Heat the Vitrathene until the entire surface is transparent. Using absestos gloves, remove the plastic from the oven by lifting the canvas from the aluminum sheet. Large objects will require two persons for transfer of the plastic to the mold.

Attempt correct positioning of the plastic on the cast on the first attempt. The hot plastic will stick to the stockinette and it is not possible to remove the material till it has hardened sufficiently.

Remove the canvas after placing the hot plastic on the cast and mold the Vitrathene to the contours of the cast, using slight manual pressure. Wrap Ace bandages over the stockinette. This should be done with a fair amount of pull. Use wide bandages for larger items; narrow ones for small splints and deep undercuts. Check on even contact of the plastic with the mold and apply pressure as long as the plaster' is hot.

Avoid excessive tightness of the bandages or too much manual pressure; either would result in an undesirably rough inner surface. Remove bandages and outer stockinette as soon as the plastic has cooled off to the point where its pink color has returned. Early removal eliminates the possibility of difficulties in removing the baked-on stockinette later on. Reapply the Ace bandages till the plastic is cold. Dip the mold in water to expedite the cooling process.

After the plastic has cooled sufficiently, remove the entire lap-up from the cast, then remove the inner stockinette, and trim the appliance to the desired shape. Round the edges with a sand cone.

Fit the appliance on the patient. Local adjustments can be made by heating the surface with a heat gun tipped with a funnel.

Finishing will consist of no more than buffing of the edges with a felt or rubber cone, perforation of the entire surface, and application of fasteners.

Vitrathene can be riveted or stitched, glue will not bond to its surface. Slight markings from the stockinette will not irritate the skin, however, excessive imprints should be buffed with a felt or rubber cone.

Tongues can be fabricated of 1/8" Vitrathene, or other suitable materials. Uses of Vitrathene applications for which Vitrathene has been used are as follows:

Body Jacket (Fig. 2)

Fig. 2 Fig. 2A

Indication: Polio, muscular dystrophy myelomeningocele, advanced paralytic scoliosis, primarily for mentally retarded patients not suitable for Milwaukee brace application or surgery.

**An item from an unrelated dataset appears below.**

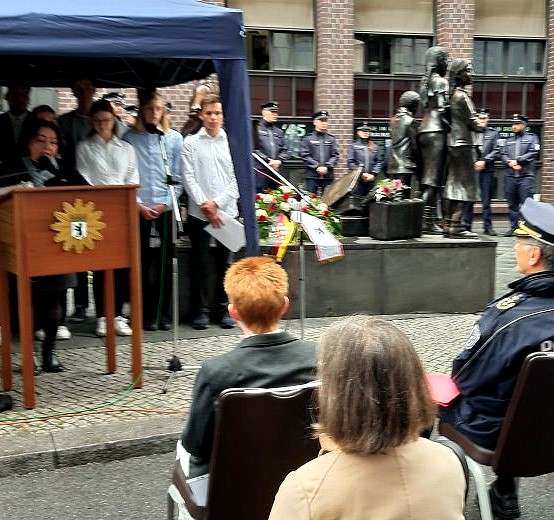 Das Mahnmal Kindertransporte am Bahnhof Friedrichstraße erinnert daran, dass 1938/39 Tausende Kinder jüdischer Familien v. a. nach England emigrieren konnten und so dem tödlichen Zugriff der Nazis entkamen, während andere in KZs verbracht und getötet wurden. Daran wurde heute wieder gedacht, Petra Pau war dabei.

Anterior or Posterior Body Shell

Indication: Infantile scoliosis, secondary to myelomeningocele. Such shells can be designed as corrective, preventive and supportive appliances.

Recumbency Splint (Fig. 3 )

Fig. 3

Indication: Congenital hip dislocation and Legg Calve Perthes disease.

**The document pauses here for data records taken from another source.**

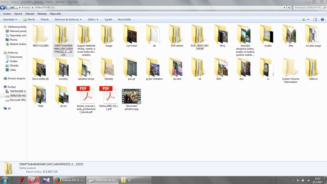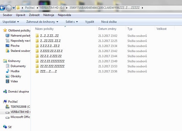 Složka s názvem 3590F75ABA9E485486C100C1A9D4FF06ZZZ..Z.....ZZZZZ je prázdná (vlastnosti- velikost 0), po jejím otevření se zobrazí 8 složek, které když se pokusím otevřít, tak neodpovídají.
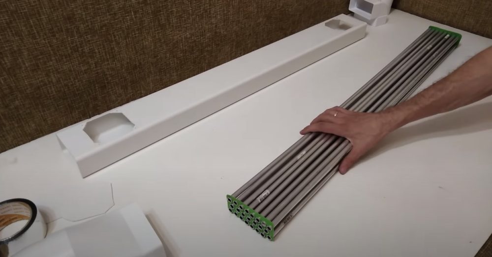 - Из алюминиевых трубок и перфорированных заглушек соберите сердцевину радиатора. Каждый элемент вставьте в соосные отверстия, чтобы получился трубчатый блок.
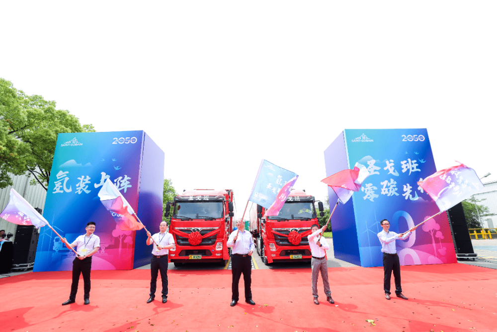 The two trucks are owned by China’s Linsen Logistics Group, one of the partners of GMI team, and will be transporting in Shanghai city only. The two parties held a launch ceremony on May 26th to celebration this sustainable initiative. From now on, the two 100% hydrogen-powered trucks will be travelling in the city with Saint-Gobain logo, Purpose and green logo of “H2” painted on them.
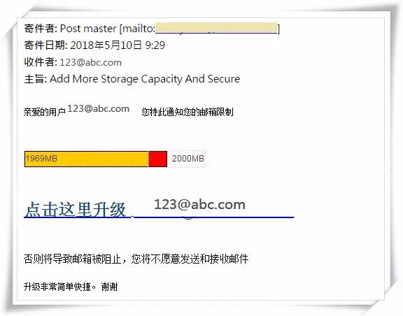 2.【邮箱问题】通常以提醒“邮箱异常”、“升级容量”、“安全警告”、“升级邮箱配置”等形式出现。
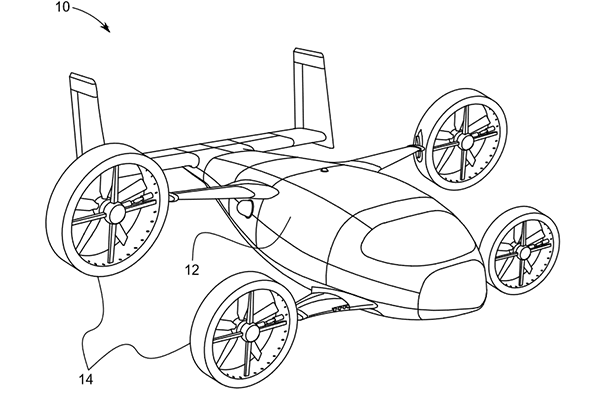 [0008]所述的导管风扇14的每一个包括一个转子,其中每个导管内旋转。飞机的升力由转子产生。在示例性实施例中,飞行器是四旋翼系统。飞行器10被配置为从垂直飞行转换到向前飞行并且被配置为在所有天气条件下操作。

The Wu abduction splint used for the recumbent type of treatment of Legg Calve Perthes disease for over twenty years has been replaced at Newington with a plastic splint, eliminating side effects like varus and valgus deformities of knee and ankle.

The new approach also cuts the fabrication time to 1/3 of that of the former design.

Pretibial Shells

Vitrathene has proven of sufficient strength for incorporation in long leg orthoses.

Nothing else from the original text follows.